▶ _Exercise data_:
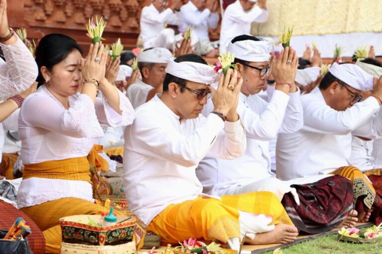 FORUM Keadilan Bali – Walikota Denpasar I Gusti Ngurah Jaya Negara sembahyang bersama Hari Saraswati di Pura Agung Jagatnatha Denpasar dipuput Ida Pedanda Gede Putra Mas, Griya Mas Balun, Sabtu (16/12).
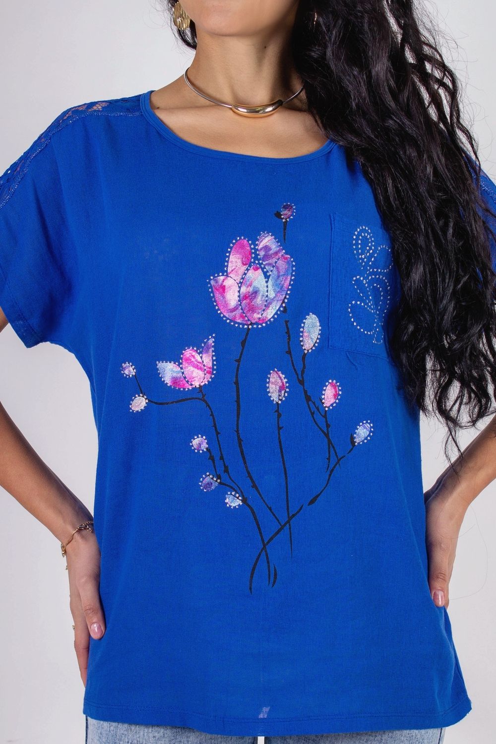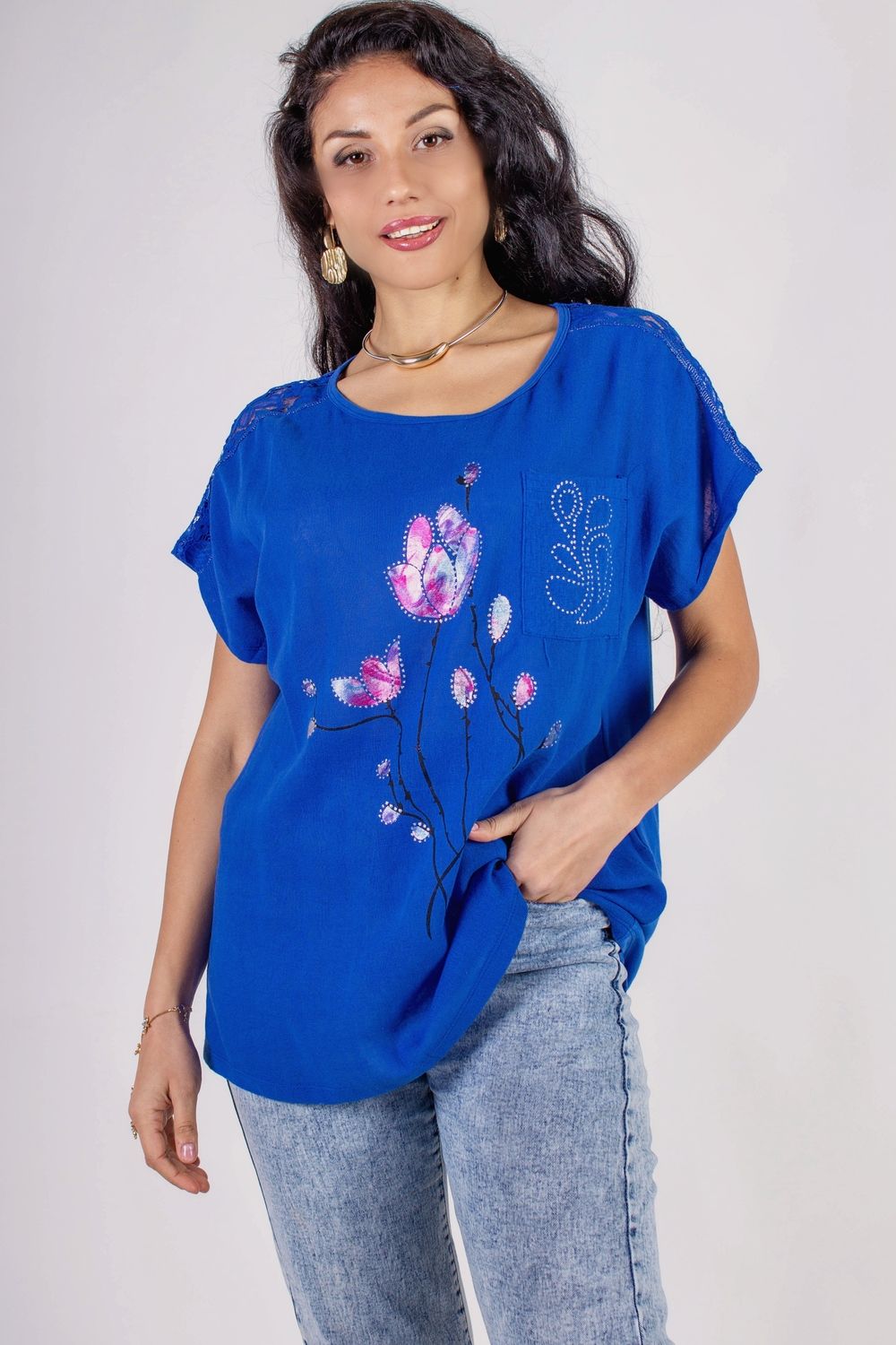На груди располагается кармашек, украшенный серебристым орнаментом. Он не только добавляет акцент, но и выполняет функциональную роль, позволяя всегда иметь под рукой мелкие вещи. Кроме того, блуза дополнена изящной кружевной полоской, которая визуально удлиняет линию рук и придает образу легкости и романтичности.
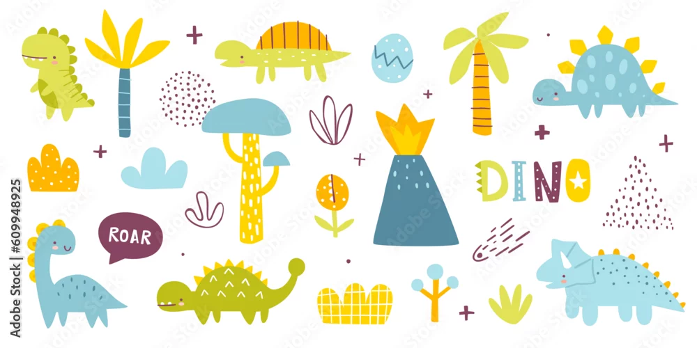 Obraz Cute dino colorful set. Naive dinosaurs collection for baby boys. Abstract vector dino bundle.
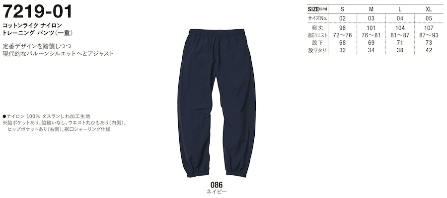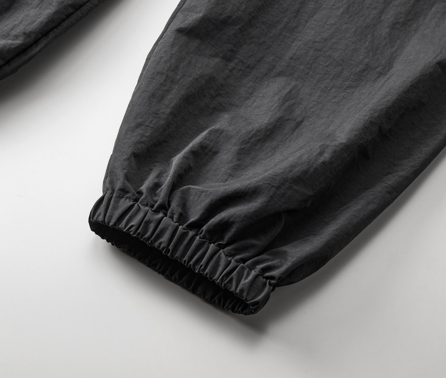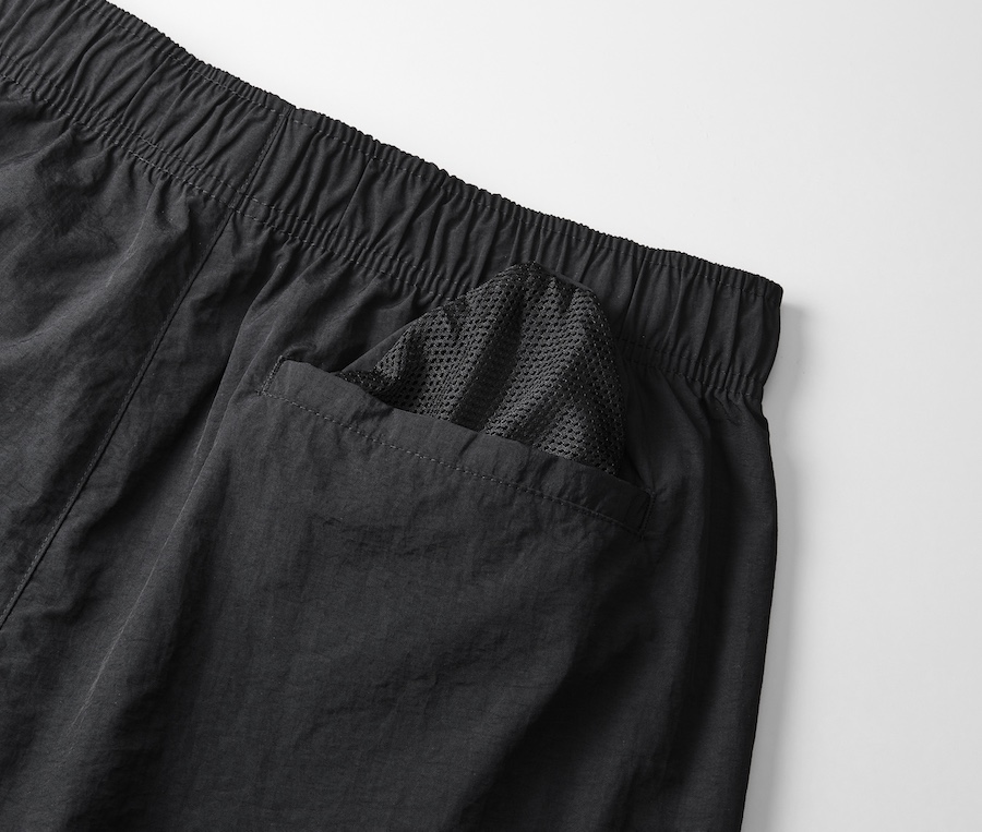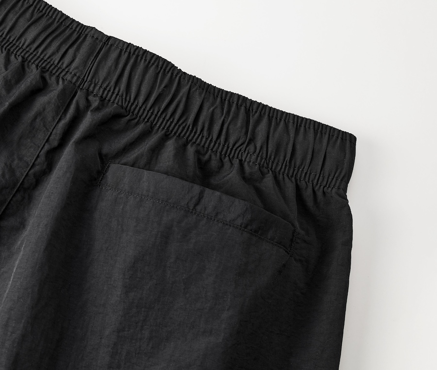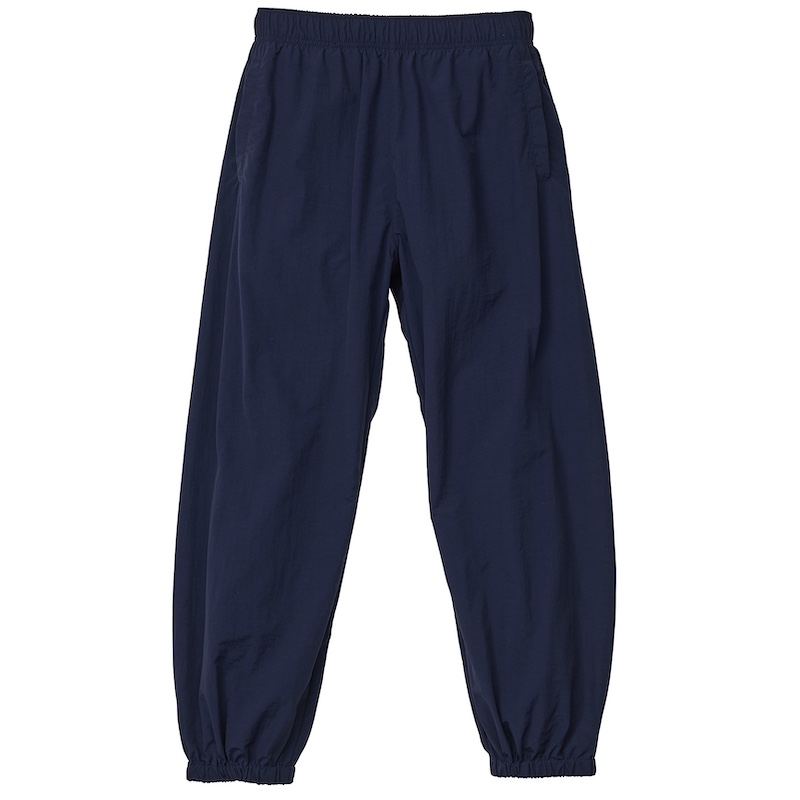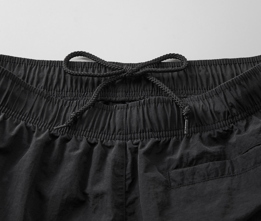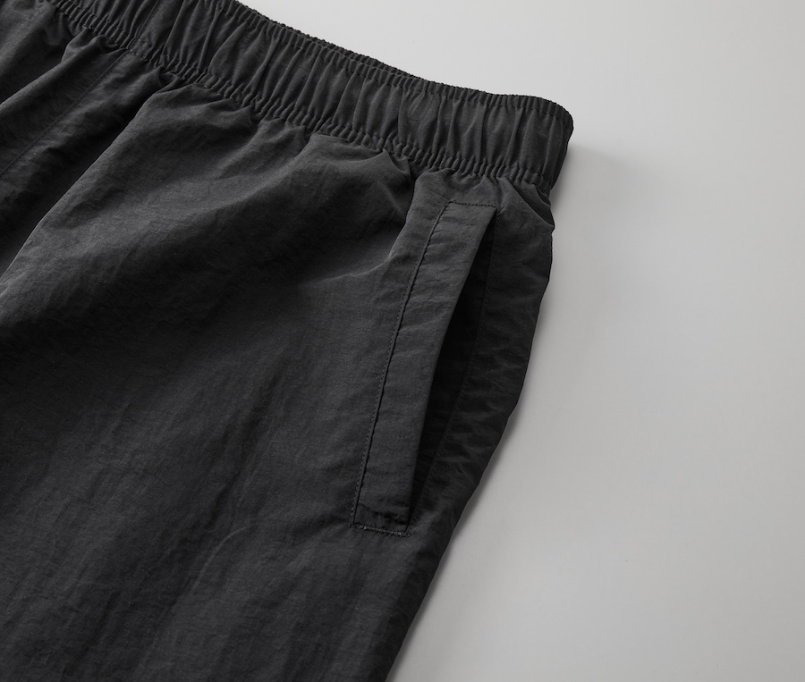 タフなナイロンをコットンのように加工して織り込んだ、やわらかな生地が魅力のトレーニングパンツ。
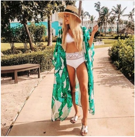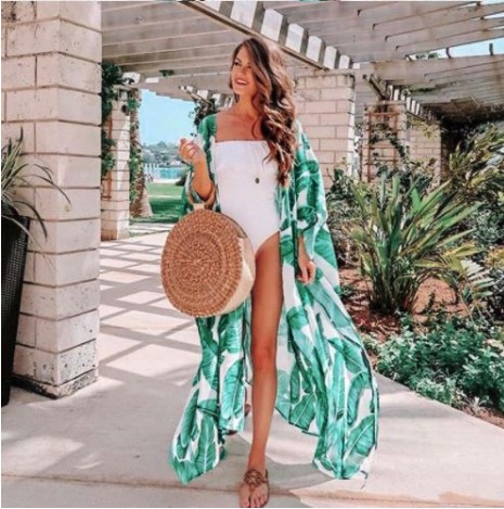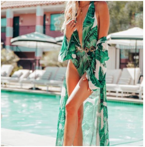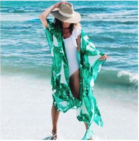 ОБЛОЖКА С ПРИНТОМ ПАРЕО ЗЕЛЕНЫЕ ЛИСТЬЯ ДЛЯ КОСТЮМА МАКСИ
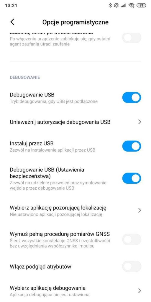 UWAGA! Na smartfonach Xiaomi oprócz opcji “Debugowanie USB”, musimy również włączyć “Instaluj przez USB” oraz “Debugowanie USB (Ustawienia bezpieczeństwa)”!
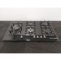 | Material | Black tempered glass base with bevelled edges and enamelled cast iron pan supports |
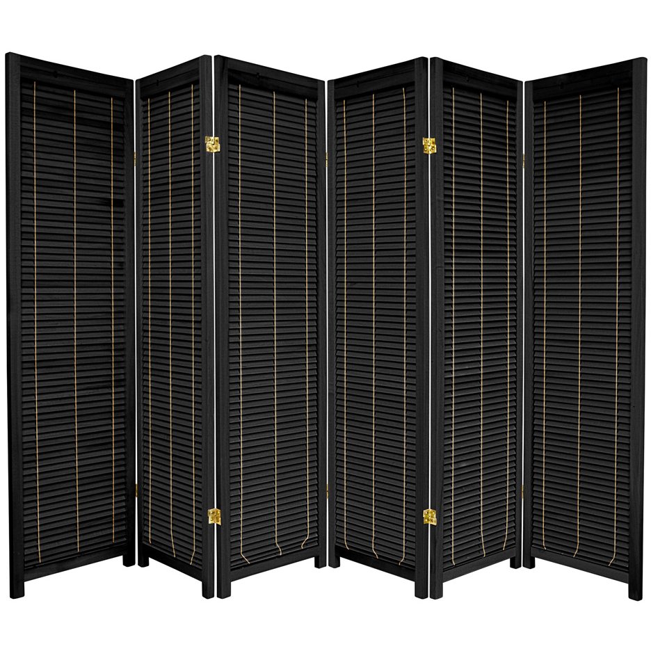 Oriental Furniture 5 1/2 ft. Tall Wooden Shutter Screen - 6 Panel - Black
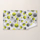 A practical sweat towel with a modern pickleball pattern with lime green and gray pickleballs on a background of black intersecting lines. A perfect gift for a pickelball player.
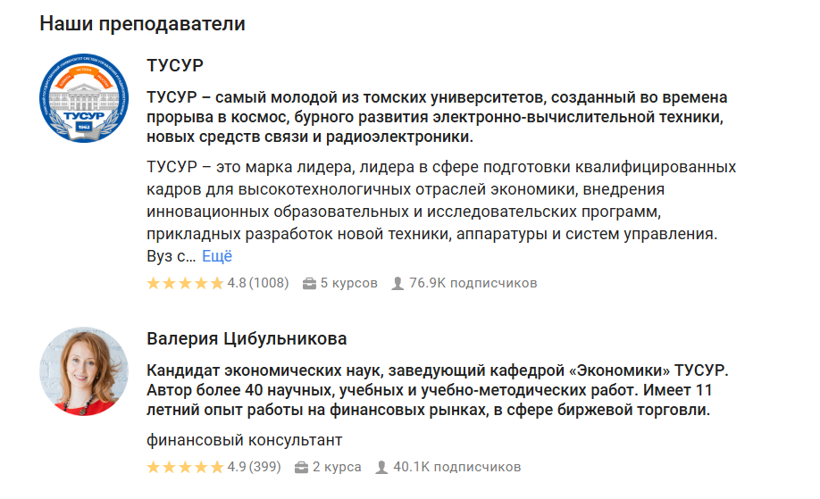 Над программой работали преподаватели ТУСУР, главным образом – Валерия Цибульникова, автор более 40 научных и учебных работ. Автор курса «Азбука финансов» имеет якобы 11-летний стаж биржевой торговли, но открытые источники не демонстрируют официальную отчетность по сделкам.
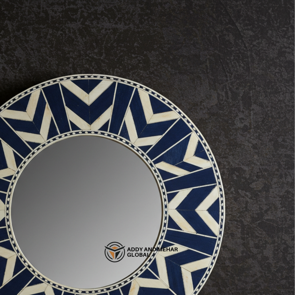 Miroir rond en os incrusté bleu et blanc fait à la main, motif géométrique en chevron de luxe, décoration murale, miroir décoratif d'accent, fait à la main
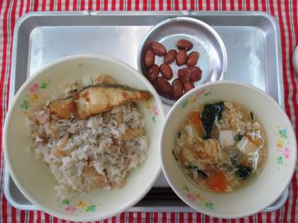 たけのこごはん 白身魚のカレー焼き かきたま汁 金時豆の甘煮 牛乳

▶ _Problem_:
Final stretch of the data: repeat exactly each line from the one containing "Obraz Cute dino" through the last, and omit all pictures.

▶ _Result for this task_:
 Obraz Cute dino colorful set. Naive dinosaurs collection for baby boys. Abstract vector dino bundle.
 タフなナイロンをコットンのように加工して織り込んだ、やわらかな生地が魅力のトレーニングパンツ。
 ОБЛОЖКА С ПРИНТОМ ПАРЕО ЗЕЛЕНЫЕ ЛИСТЬЯ ДЛЯ КОСТЮМА МАКСИ
 UWAGA! Na smartfonach Xiaomi oprócz opcji “Debugowanie USB”, musimy również włączyć “Instaluj przez USB” oraz “Debugowanie USB (Ustawienia bezpieczeństwa)”!
 | Material | Black tempered glass base with bevelled edges and enamelled cast iron pan supports |
 Oriental Furniture 5 1/2 ft. Tall Wooden Shutter Screen - 6 Panel - Black
 A practical sweat towel with a modern pickleball pattern with lime green and gray pickleballs on a background of black intersecting lines. A perfect gift for a pickelball player.
 Над программой работали преподаватели ТУСУР, главным образом – Валерия Цибульникова, автор более 40 научных и учебных работ. Автор курса «Азбука финансов» имеет якобы 11-летний стаж биржевой торговли, но открытые источники не демонстрируют официальную отчетность по сделкам.
 Miroir rond en os incrusté bleu et blanc fait à la main, motif géométrique en chevron de luxe, décoration murale, miroir décoratif d'accent, fait à la main
 たけのこごはん 白身魚のカレー焼き かきたま汁 金時豆の甘煮 牛乳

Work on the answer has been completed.